=== Begin Enclosure ===

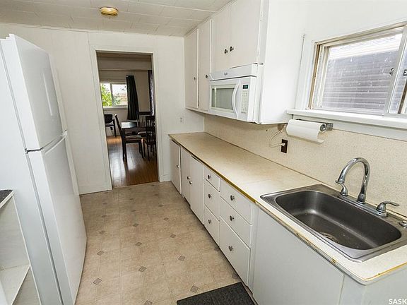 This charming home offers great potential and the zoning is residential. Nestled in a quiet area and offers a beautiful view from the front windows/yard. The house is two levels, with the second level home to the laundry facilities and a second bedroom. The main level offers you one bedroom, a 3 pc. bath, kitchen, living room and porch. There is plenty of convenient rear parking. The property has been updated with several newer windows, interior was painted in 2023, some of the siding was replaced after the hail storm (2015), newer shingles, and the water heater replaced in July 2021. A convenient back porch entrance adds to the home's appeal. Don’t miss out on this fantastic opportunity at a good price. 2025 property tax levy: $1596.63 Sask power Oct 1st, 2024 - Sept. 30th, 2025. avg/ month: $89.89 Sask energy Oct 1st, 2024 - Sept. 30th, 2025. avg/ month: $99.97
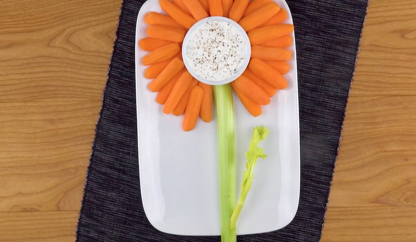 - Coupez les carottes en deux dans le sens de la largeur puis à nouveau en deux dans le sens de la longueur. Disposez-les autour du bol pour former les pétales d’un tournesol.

=== End Enclosure ===
=== Begin Enclosure ===

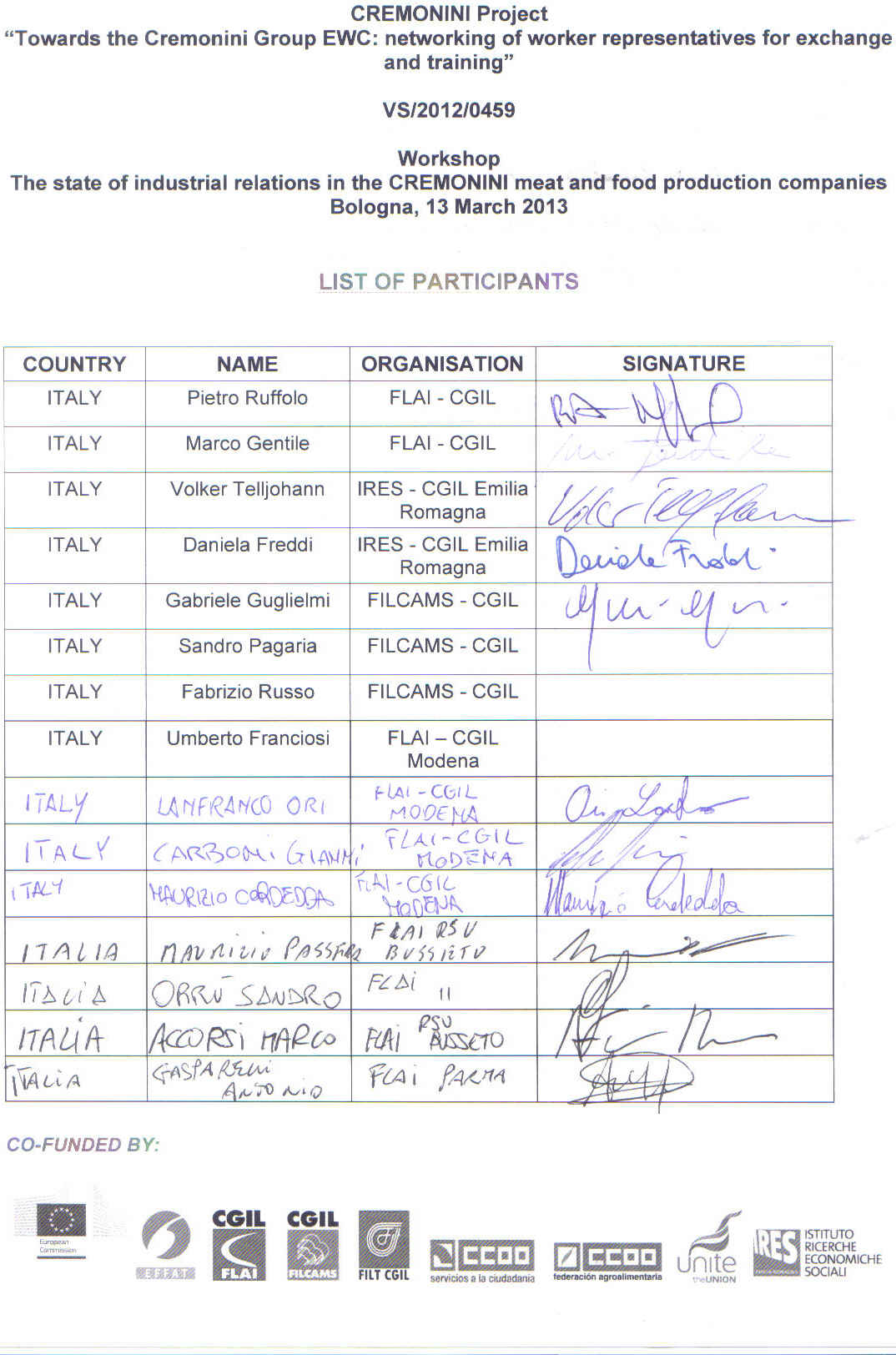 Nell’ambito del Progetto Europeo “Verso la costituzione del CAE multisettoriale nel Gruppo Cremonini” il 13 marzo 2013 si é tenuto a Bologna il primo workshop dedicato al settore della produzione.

=== End Enclosure ===

GOAL OF THE EXERCISE ▸
Among the lines above, the one with "This charming home" opens the part to repeat and the one with "- Coupez les" closes it; repeat only that part exactly, with no pictures.

ANSWER SECTION ▸
 This charming home offers great potential and the zoning is residential. Nestled in a quiet area and offers a beautiful view from the front windows/yard. The house is two levels, with the second level home to the laundry facilities and a second bedroom. The main level offers you one bedroom, a 3 pc. bath, kitchen, living room and porch. There is plenty of convenient rear parking. The property has been updated with several newer windows, interior was painted in 2023, some of the siding was replaced after the hail storm (2015), newer shingles, and the water heater replaced in July 2021. A convenient back porch entrance adds to the home's appeal. Don’t miss out on this fantastic opportunity at a good price. 2025 property tax levy: $1596.63 Sask power Oct 1st, 2024 - Sept. 30th, 2025. avg/ month: $89.89 Sask energy Oct 1st, 2024 - Sept. 30th, 2025. avg/ month: $99.97
 - Coupez les carottes en deux dans le sens de la largeur puis à nouveau en deux dans le sens de la longueur. Disposez-les autour du bol pour former les pétales d’un tournesol.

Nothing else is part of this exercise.